## Task requirements:
Set the data down exactly as it stands, and keep its pictures out.

## Records from a dataset:
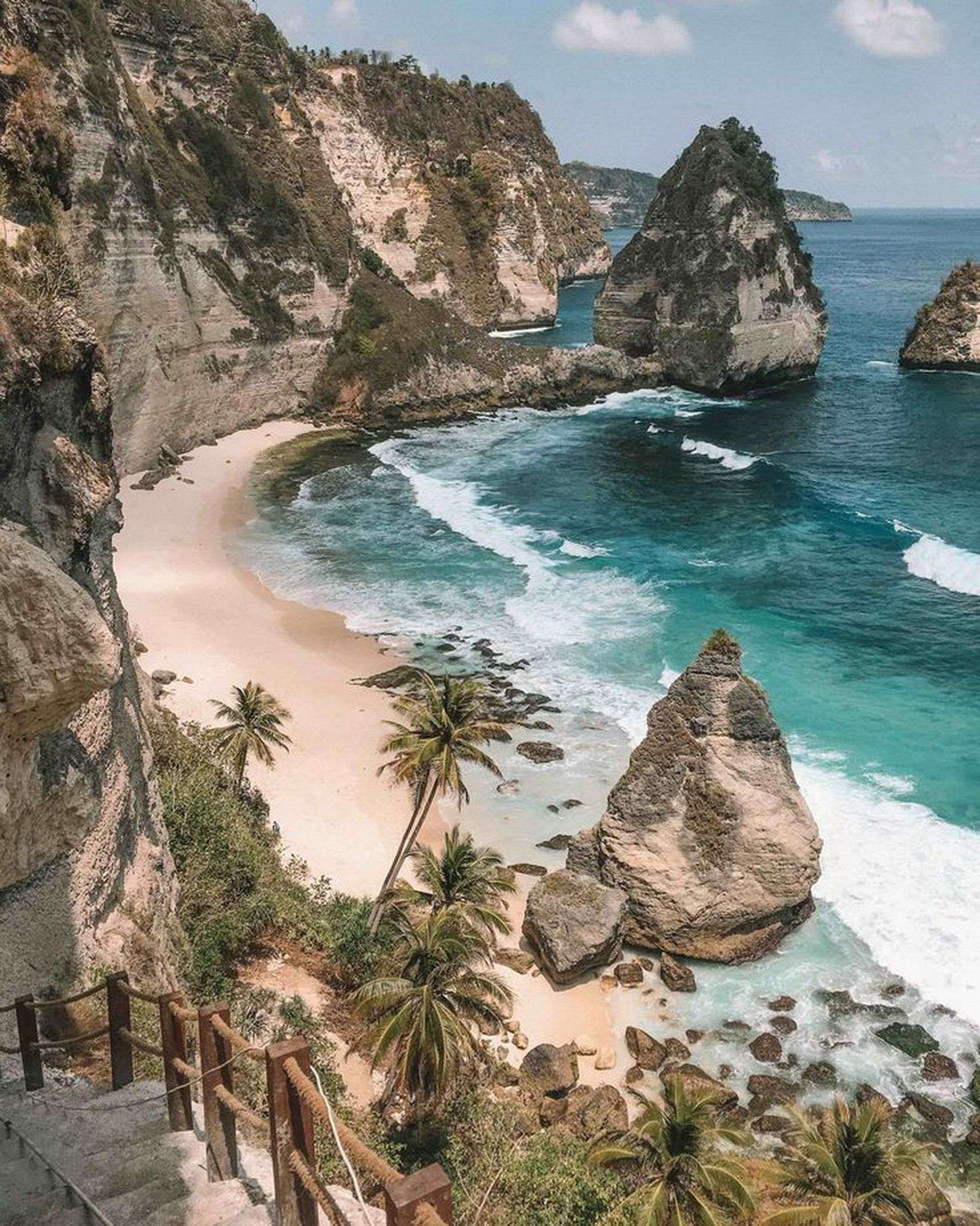Diamond Beach is an untouched, white-sand, and silky blue water bay on the eastern tip of Nusa Penida. With the, in 2018, almost finished stairs, Diamond Beach is ready to become one of the next highlights of Penida island and one of the best things to do on Nusa Penida.
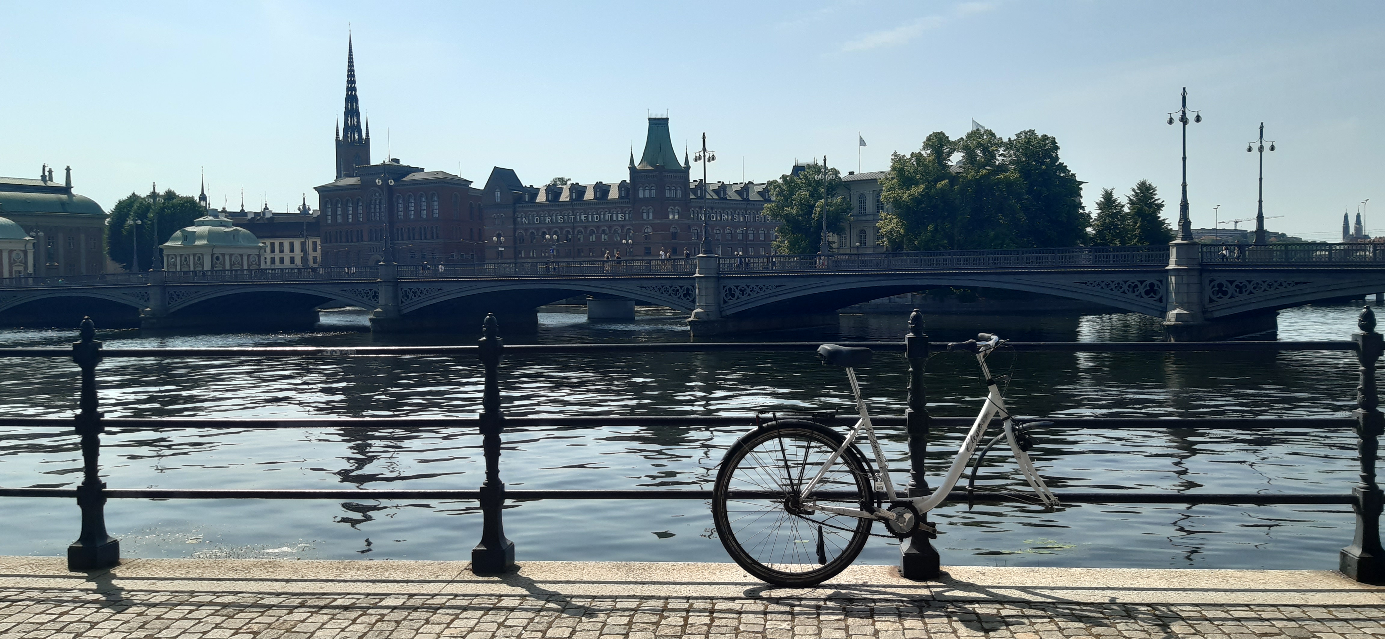 Nachdem ich Kastellholmen einmal der Länge nach mittendurch durchschritten und am Ufer wieder zurück gewandert war, ging ich wieder zurück nach Skeppsholmen und auf einem anderen Weg zurück Richtung Skeppsholmenbron und dann über dieselbe wieder nach Norrmalm. Ich ging wieder in Richtung Bahnhof und bog über die Strömbron nach Gamla stan ab. Mein Ziel war, die Altstadt komplett zu durchqueren und dann bis nach Södermalm zu gehen. In Gamla Stan erstand ich noch drei weitere Postkarten (ich hatte noch drei Briefmarken über) und setzte mich in den Biergarten eines Lokals namens „Under Kastanjen“ unter eine große Kastanie. Ich hatte mir ein Three Towns Lager aus dem Lokal geholt und schrieb im Schatten des Baumes die drei Karten. Apropos Schatten: Lt. meiner Wetterapp hatte es satte 33°, der Himmel war erneut wolkenlos und es war wichtig, ab und zu Schatten zu suchen und genügend Wasser zu trinken.
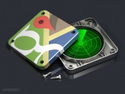 3d illustration of a disassembled Google Maps app icon showing a glowing green radar screen on the inside
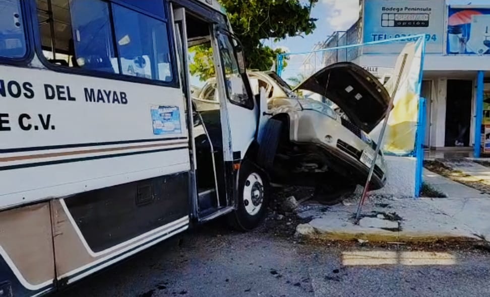 Impactante choque entre una camioneta y un autobús en Mérida
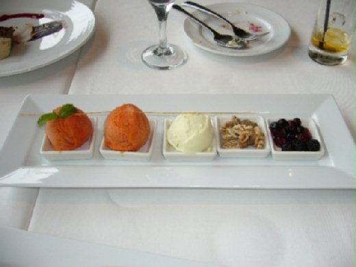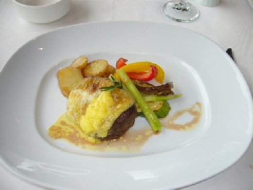 主菜我選了腓力牛排佐奶油醬汁,五分熟的肉汁汨汨流出,配上風味清淡而不油膩的奶油汁,襯出牛肉本身的香甜,還不賴。Gary說他的海鮮義大利麵蕃茄醬汁是現炒的,口感很新鮮。老婆的橙汁鴉胸甜中帶酸,也是適合初夏的口感。
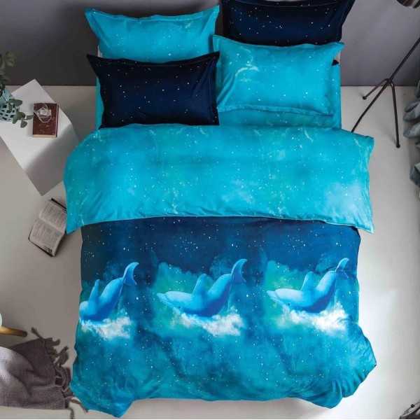 Lenjerie pat dublu cu doua feţe, bumbac satinat, 4 piese, Albastru, delfini, Johny Home Pucioasa, cod produs: SPR-A50-562
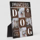 Pet memorial tribute picture plaque featuring 4 photos of you beloved doggy, a rustic wood pattern background, letters that spell out DOG, the words "forever in our hearts", a dogs paw with a remebrance saying, and their name.

## Your solution:
Diamond Beach is an untouched, white-sand, and silky blue water bay on the eastern tip of Nusa Penida. With the, in 2018, almost finished stairs, Diamond Beach is ready to become one of the next highlights of Penida island and one of the best things to do on Nusa Penida.
 Nachdem ich Kastellholmen einmal der Länge nach mittendurch durchschritten und am Ufer wieder zurück gewandert war, ging ich wieder zurück nach Skeppsholmen und auf einem anderen Weg zurück Richtung Skeppsholmenbron und dann über dieselbe wieder nach Norrmalm. Ich ging wieder in Richtung Bahnhof und bog über die Strömbron nach Gamla stan ab. Mein Ziel war, die Altstadt komplett zu durchqueren und dann bis nach Södermalm zu gehen. In Gamla Stan erstand ich noch drei weitere Postkarten (ich hatte noch drei Briefmarken über) und setzte mich in den Biergarten eines Lokals namens „Under Kastanjen“ unter eine große Kastanie. Ich hatte mir ein Three Towns Lager aus dem Lokal geholt und schrieb im Schatten des Baumes die drei Karten. Apropos Schatten: Lt. meiner Wetterapp hatte es satte 33°, der Himmel war erneut wolkenlos und es war wichtig, ab und zu Schatten zu suchen und genügend Wasser zu trinken.
 3d illustration of a disassembled Google Maps app icon showing a glowing green radar screen on the inside
 Impactante choque entre una camioneta y un autobús en Mérida
 主菜我選了腓力牛排佐奶油醬汁,五分熟的肉汁汨汨流出,配上風味清淡而不油膩的奶油汁,襯出牛肉本身的香甜,還不賴。Gary說他的海鮮義大利麵蕃茄醬汁是現炒的,口感很新鮮。老婆的橙汁鴉胸甜中帶酸,也是適合初夏的口感。
 Lenjerie pat dublu cu doua feţe, bumbac satinat, 4 piese, Albastru, delfini, Johny Home Pucioasa, cod produs: SPR-A50-562
 Pet memorial tribute picture plaque featuring 4 photos of you beloved doggy, a rustic wood pattern background, letters that spell out DOG, the words "forever in our hearts", a dogs paw with a remebrance saying, and their name.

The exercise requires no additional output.